FAN 92 (First Amendment News) Another License-Plate Case — Wooley v. Maynard Defense Raised in Cert. Petition

For First Amendment principles to be implicated, the State must place the citizen in the position of either apparently or actually “asserting as true” the message. — Justice William Rehnquist, dissenting Wooley v. Maynard (1977)

In the bizarre words of the Tenth Circuit, Mr. Cressman “cannot demonstrate that the Native American image is, in fact, speech to which he objects.” — Ilya Shapiro, Cato Institute amicus brief (2015)

ah-ok-plate2The case is Cressman v. Thompson. The issue raised in the Petitioner’s cert. petition to the Supreme Court is presented this way: “Oklahoma compels Keith Cressman [a United Methodist pastor] to display an image of the ‘Sacred Rain Arrow’ sculpture from his vehicle – via his standard license plate – although he objects to displaying that image. . . . The question presented is whether [consistent with Wooley v. Maynard] the State can compel citizens to display images that are objectionable to them?”

Nathan Kellum is the counsel of record for the Petitioner.

Judge Jerome Holmes

Judge Jerome Holmes

The Tenth Circuit answered the question posed above in the affirmative.

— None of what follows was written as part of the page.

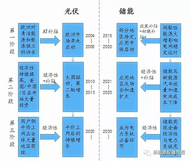 技術(shù)進(jìn)步背景下的規(guī)模發(fā)展,是新能源成本下降的核心邏輯。以光伏為例,2008年至今,光伏度電成本下降80%以上(當(dāng)前下降的趨勢(shì)仍在持續(xù)),而儲(chǔ)能同樣適用。盡管在成本約束下,當(dāng)前我國(guó)的鋰電儲(chǔ)能市場(chǎng)處在從示范項(xiàng)目向商業(yè)化初期過渡階段。隨著《儲(chǔ)能技術(shù)與產(chǎn)業(yè)發(fā)展指導(dǎo)意見》的落地,儲(chǔ)能發(fā)展路徑與應(yīng)用前景得以明確,在我國(guó)電力體制改革深入實(shí)施背景下,儲(chǔ)能的準(zhǔn)入機(jī)制、結(jié)算模式的將進(jìn)一步得到規(guī)范(例如調(diào)頻市場(chǎng)定價(jià)機(jī)制)。隨著儲(chǔ)能技術(shù)進(jìn)步與成本下降,“儲(chǔ)能+”應(yīng)用領(lǐng)域打開,儲(chǔ)能商業(yè)化有望提前進(jìn)入爆發(fā)期。
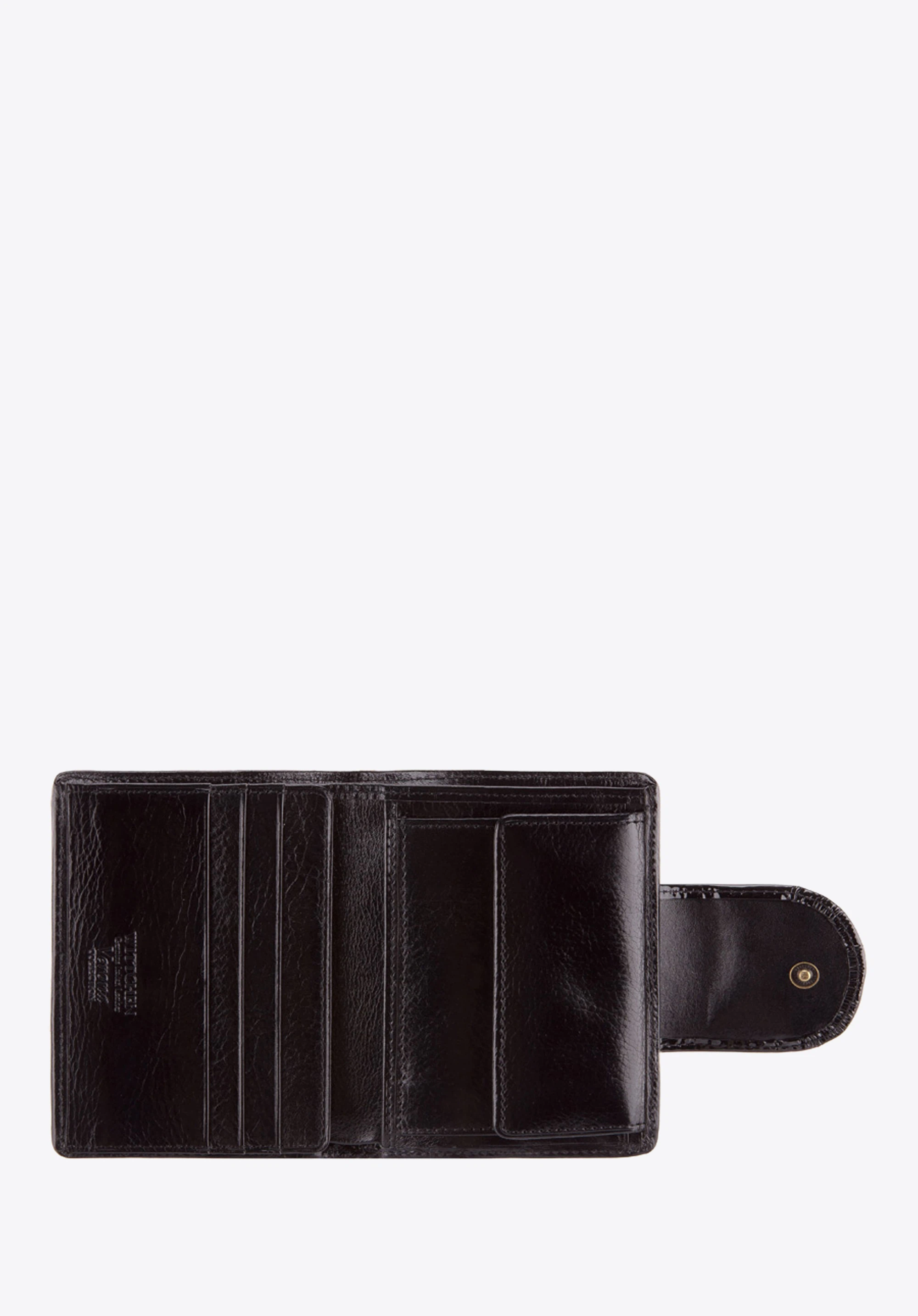 Közepes méretű női irattárca, szépen fénylő lakkbőrből nagy gondossággal kidolgozva. Tökéletes választás a különösen szép és kényelmes kiegészítőket kedvelő nők számára.

Here is how Judge Jerome A. Holmes put it:”In this case, we must decide whether Oklahoma’s depiction of a Native American shooting an arrow towards the sky on its standard vehicle license plates compels Appellant Keith Cressman to speak in violation of his First Amendment rights. . . . Having determined that the Native American image is sufficiently expressive to qualify as symbolic speech, we now turn to determining whether, in relation to this speech, Mr. Cressman has established that the State has compelled him to adhere to a “view he finds unacceptable.” Wooly. Throughout this litigation, the only reason Mr. Cressman has offered for objecting to the Native American image is what he views as its links to pantheistic Native American folklore. However, a reasonable person would not derive this meaning from the image. Instead, in light of the relevant facts and history of the license plate redesign process, those viewing the image would likely connect the image to Oklahoma’s Native American history and culture. Yet, Mr. Cressman has repeatedly stated, both before this court and the district court, that he does not object to this message. His lack of objection to the only message that a reasonable observer would discern from the image is fatal to his compelled-speech claim; he has not been compelled to express a view he otherwise would not. Because Mr. Cressman must identify some message that he finds objectionable, and because he in fact does not object to the only message reasonably conveyed by the Native American image, we hold that he has not been compelled to speak in violation of his First Amendment rights.” (footnote omitted).

Judge Carolyn McHugh

Judge Carolyn McHugh

Judge Carolyn B. McHugh wrote a separate concurring opinion: “[B]ecause I do not agree the resolution of this case turns on whether the license plate at issue constitutes pure or symbolic speech, I write separately. . . . In my opinion, the analytical framework adopted by the majority and in our prior decision in this matter, Cressman v. Thompson, 719 F.3d 1139 (10th Cir. 2013) (Cressman I), has been supplanted by the United States Supreme Court’s decision in Walker v. Texas Div., Sons of Confederate Veterans, Inc. (2015).  . . . As I read Walker, there is no longer any question that Oklahoma was engaged in overnment speech when it selected the slogan and graphic depicted on its standard license plate. And because the license plate, as a whole, is government speech designed to deliver a message from the State of Oklahoma, I see no reason to begin our analysis by assessing whether the graphic alone constitutes speech, or whether that speech is symbolic or pure. Everyone, even Mr. Cressman, agrees Oklahoma selected a standard plate design that was intended to convey a message promoting the state. Thus, it is speech. . . Accordingly, I would hold that the Oklahoma license plate is speech, albeit government speech. . . . Having determined the license plate is speech, I would conclude that this case turns not on whether Mr. Cressman objects to the image, as opposed to the words, depicted on the license plate, but rather on the application of traditional First Amendment principles governing compelled speech.”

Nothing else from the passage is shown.